A report in the New Yorker magazine slated to hit newsstands Monday claims that U.S. Special Forces took heavy casualties, with three commandos "seriously wounded," in the "near-disaster" mission.

"As (U.S. commandos) came out of (Omar's) house, the s - - t hit the fan," New Yorker writer Seymour Hersh claims one senior officer told him. "It was like an ambush. The Taliban were fighting with light arms and either (rocket-propelled grenades) or mortars."

But Gen. Franks told ABC News that most of the U.S. casualties were "bumps and scatches" that were incurred -- not in any firefight -- but during the parachute jump into the region.

"We had young people who jumped into one of these objectives with parachutes," the U.S. military chief explained. "We had a bunch of these young people who had scratches and bumps and knots from rocks and all this sort of stuff.
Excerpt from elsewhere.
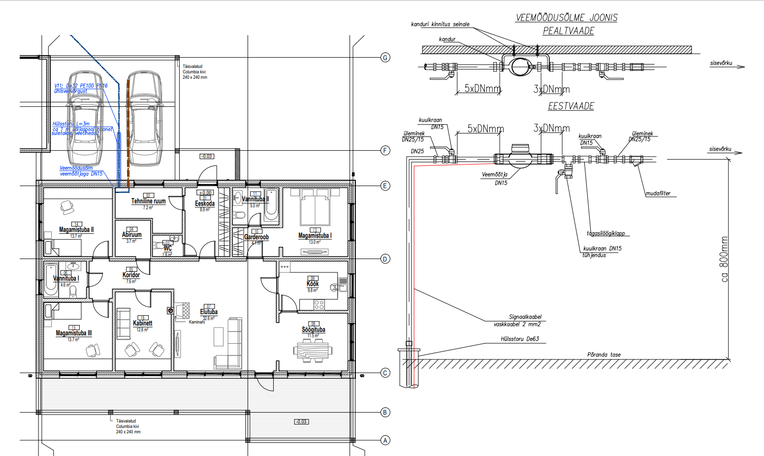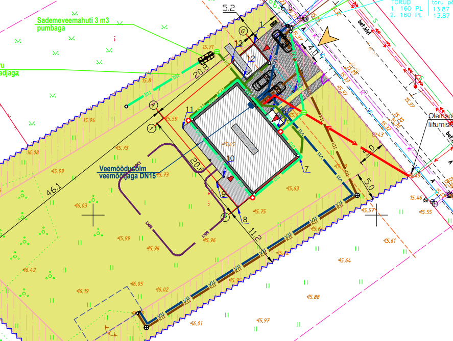 Uue ehitava maja liitumine vee, kanali ja elektriga.

"And so it's probably accurate to say that maybe five or maybe twenty-five people were, quote, wounded," Franks said. But then he added, "We had no one wounded by enemy fire."

Franks said that, contrary to the New Yorker report, the raid on Omar's complex was a military success.

"In fact, these objectives were overwhelmed by the forces that went in and the forces exfiltrated precisely on the timeline that we said they'd be on," he told ABC News.

Without challenging the accuracy of Hersh's report directly, the U.S. commander suggested the writer's sources didn't know what they were talking about.

"I don't think it's right for me to talk about accuracy or not," Franks said. "I will say this; that I think we are best served when informed sources really are informed."